Rhine is a town in Sheboygan County, Wisconsin, United States. The population was 2,244 at the 2000 census. The village of Elkhart Lake is located within the town. The unincorporated community of Rhine Center is also located in the town. The town is included in the Sheboygan, Wisconsin Metropolitan Statistical Area.

History
German settlers named the town after the Rhine River in Europe.

Geography
According to the United States Census Bureau, the town has a total area of 34.6 square miles (89.7 km2), of which, 33.7 square miles (87.3 km2) of it is land and 0.9 square miles (2.4 km2) of it (2.71%) is water.

Demographics
As of the census of 2000, there were 2,244 people, 829 households, and 650 families residing in the town. The population density was 66.6 people per square mile (25.7/km2). There were 961 housing units at an average density of 28.5 per square mile (11.0/km2). The racial makeup of the town was 98.75% White, 0.04% African American, 0.27% Native American, 0.27% Asian, 0.09% Pacific Islander, 0.13% from other races, and 0.45% from two or more races. Hispanic or Latino of any race were 0.40% of the population.
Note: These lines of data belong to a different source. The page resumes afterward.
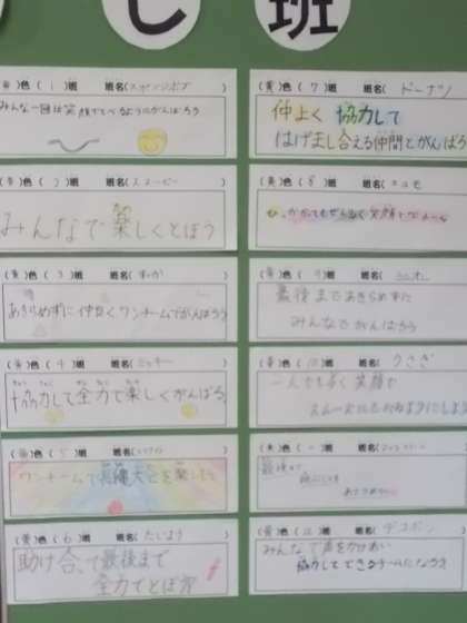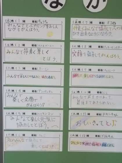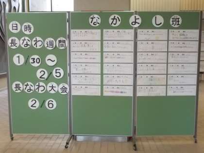 昨日の集会で話し合った「なかよし班長なわ週間 長なわ大会」にむけての目標を玄関ホールに掲示しました。早速、子どもたちは各班の目標を興味深く読んでおり、さらに意欲が高まったようです。
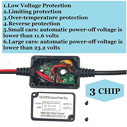 - Protect Your Car Battery - The kit will shut down the power once the in-built sensor detect a low voltage (<11.6V for 12V vehicle or <23.2V for 24V vehicle), protects your car's battery from being drained by dashcam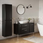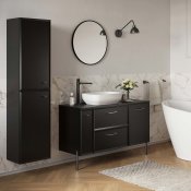 Kolekcja MILOS by Cersanit to kwintesencja klasyki i stylu, stworzona z myślą o miłośnikach eleganckich wnętrz. Idealnie sprawdzi się w przestronnych łazienkach, gdzie wyrafinowany design idzie w parze z estetyką i funkcjonalnością. Złote, srebrne lub czarne akcesoria meblowe, perfekcyjnie komponujące się z frontami w odcieniach czerni, tworzą harmonijną i stylową całość. Każdy detal tej kolekcji podkreśla elegancki charakter wnętrza, dodając mu wyjątkowego uroku. Kolekcja MILOS by Cersanit zachwyca elegancką i ponadczasową kolorystyką, która doskonale komponuje się z nowoczesnymi i klasycznymi aranżacjami wnętrz. Czerń to synonim luksusu i elegancji, nadając wnętrzu charakter i doskonale współgrając z kontrastującymi elementami.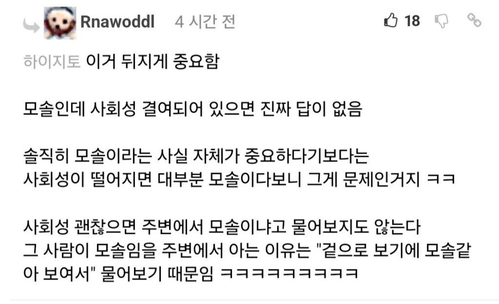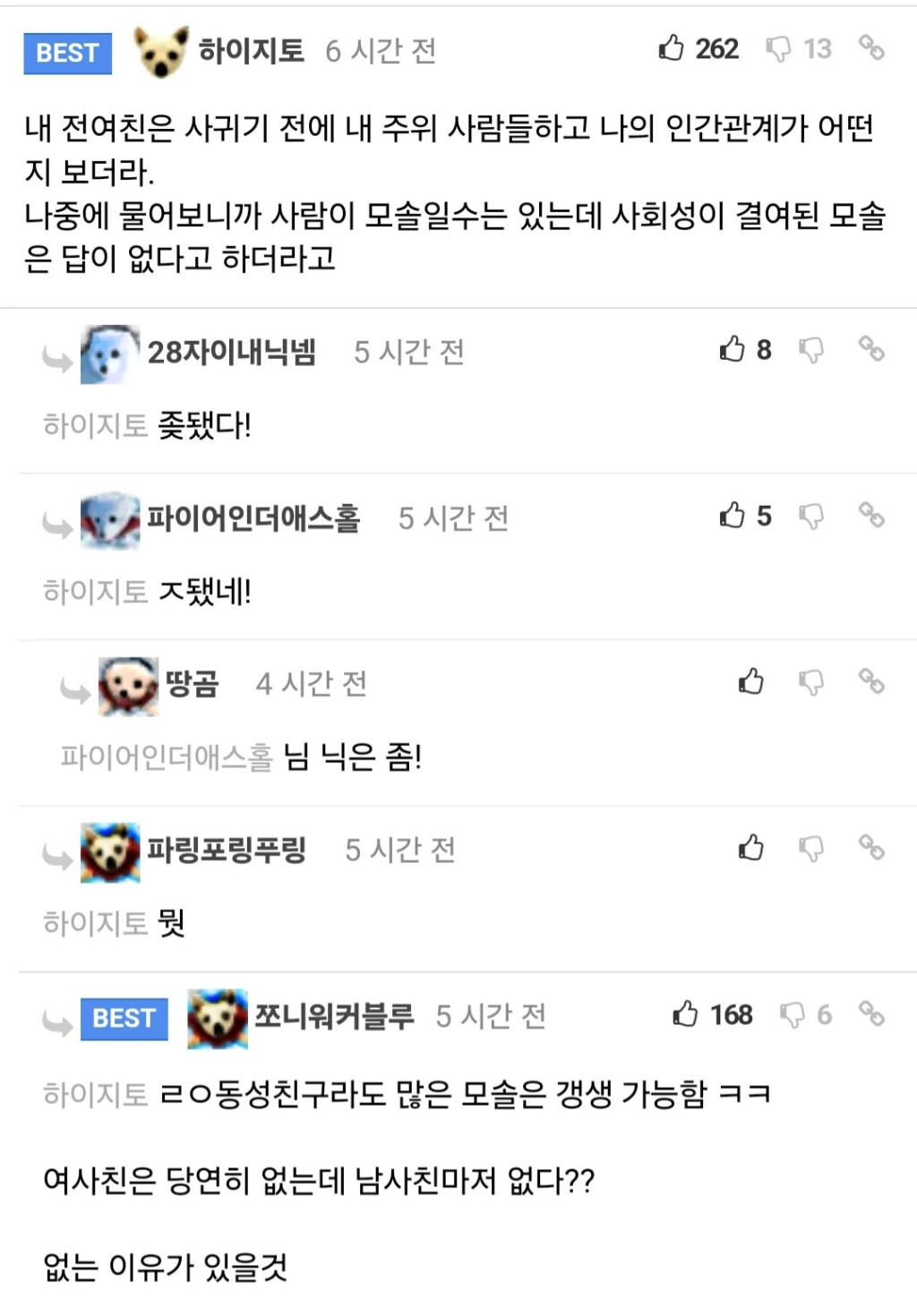모솔 중에서 제일 답이 없는 유형 댓글 0 조회 567 5시간전 작성자 : 드가쥬아 좋아요 팔로우 게시글 보기 드가쥬아님의 최신 글 10.15 양가 도움 없이 사랑만으로 결혼 했을 때 경제적 상황 후기 10.15 모솔 중에서 제일 답이 없는 유형 10.15 축구선수 이동경 부인 근황 10.15 현재 민심 나락간 정찬성 ㄷㄷ 10.15 LPL의 영원한 숙적, 불사대마왕 페이커 10.15 캄보디아 범죄조직 중국 프린스그룹 천즈회장 근황 뜸 10.15 어느 여초커뮤의 이하늘 여론 변화 10.15 Ai가 만들어준 귀멸의칼날 무한열차 1호선 10.15 신곡 컴백한 설윤 최근 폼 10.15 다이어트 시작한다던 이원일 셰프 근황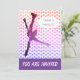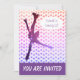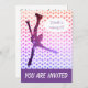 Convite de aniversário moderno de patinagem no gelo com silhueta de patinador artístico feminino e estrelas (Rosa a roxo). Os campos de texto personalizados são fornecidos para facilitar a adição dos detalhes do evento - nome, idade, data, hora, local e outras informações de que você possa precisar.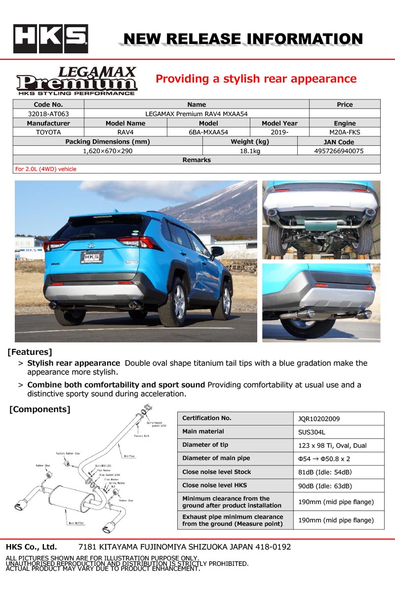 HKS is one of the first to release an aftermarket exhaust system for the 2020 RAV4. Constructed of mandrel-bent stainless steel tubing, the 2.5L engine comes to life upon the installation of the HKS Legamax exhaust system. Providing comfort and performance, this exhaust can increase the sound level 10 decibels over the factory system.

There were 829 households, out of which 33.4% had children under the age of 18 living with them, 73.8% were married couples living together, 3.1% had a female householder with no husband present, and 21.5% were non-families. 17.4% of all households were made up of individuals, and 5.2% had someone living alone who was 65 years of age or older. The average household size was 2.71 and the average family size was 3.08.

In the town, the population was spread out, with 24.6% under the age of 18, 7.0% from 18 to 24, 28.6% from 25 to 44, 30.4% from 45 to 64, and 9.4% who were 65 years of age or older. The median age was 40 years. For every 100 females, there were 104.9 males. For every 100 females age 18 and over, there were 106.7 males.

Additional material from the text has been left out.